Untethering internal information from paper
- By Mark Gross
- Feb 03, 2017
It’s safe to say most content developed today is created in a digital format. In the midst of this digital revolution, many agencies have left their non-electronic content behind, trapped in an unstructured or paper format. It’s not just the content citizens might want to access; it's frequently internal information that is stranded -- training documents, research materials, manuals or archives, for instance.
One organization tackling the digitization of these enormous collections of content is the Federal Library and Information Network. Under the umbrella of the Library of Congress, FEDLINK offers centralized acquisition services for the federal library and information center community, as well as to other federal agencies and offices, including those in the District of Columbia. It serves federal libraries and information centers as their purchasing, training and resource-sharing consortium and helps with digitization efforts.
The Bureau of Economic Analysis, for example, took advantage of the FEDLINK program. It had over 2 million print pages of various types of internal documents that served as valuable research materials for the agency’s staff. Before the BEA offices moved to another location, officials decided to digitize this material to make it more accessible and mitigate the problems of moving the physical documents to the new location. Additionally BEA wanted to wring more value out of its content, and boost productivity, usability and efficiency.

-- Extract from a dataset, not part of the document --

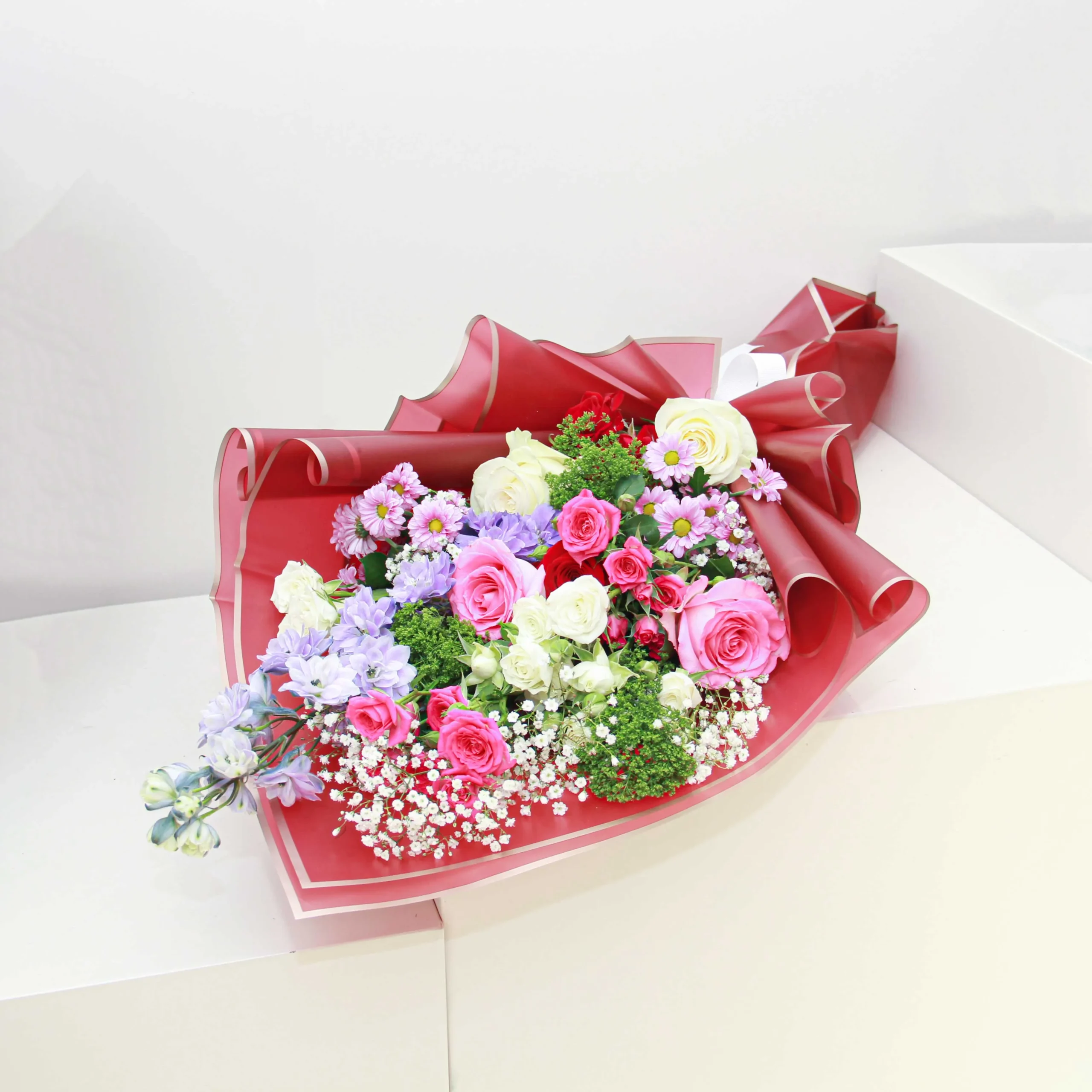 A mix of bright pink, red, purple, green, and white roses will send a huge smile across a loved one’s face when they receive this bouquet.

The months-long, complex conversion included optical character recognition processing, generation of metadata, digitization of microforms, maps, posters and computer print-outs. The project was supported by an automated production control system that regulated the workflow and allowed full tracking of each item being processed. It also gave BEA a complete, secure web-based reporting and approval platform. As a result, the agency’s content was more searchable, findable and usable -- and the effort reduced the amount of floor space dedicated to storing documents.
Likewise, like the United States Patent and Trademark Office set up a system to automate the process to convert the paperwork it receives into fully automated Extensible Markup Language files -- documents that are both human- and machine-readable.
Untethering information from print formats can generate internal efficiencies and help agencies better meet their mission of disseminating information to their constituencies.
Mark Gross is president of Data Conversion Laboratory (DCL).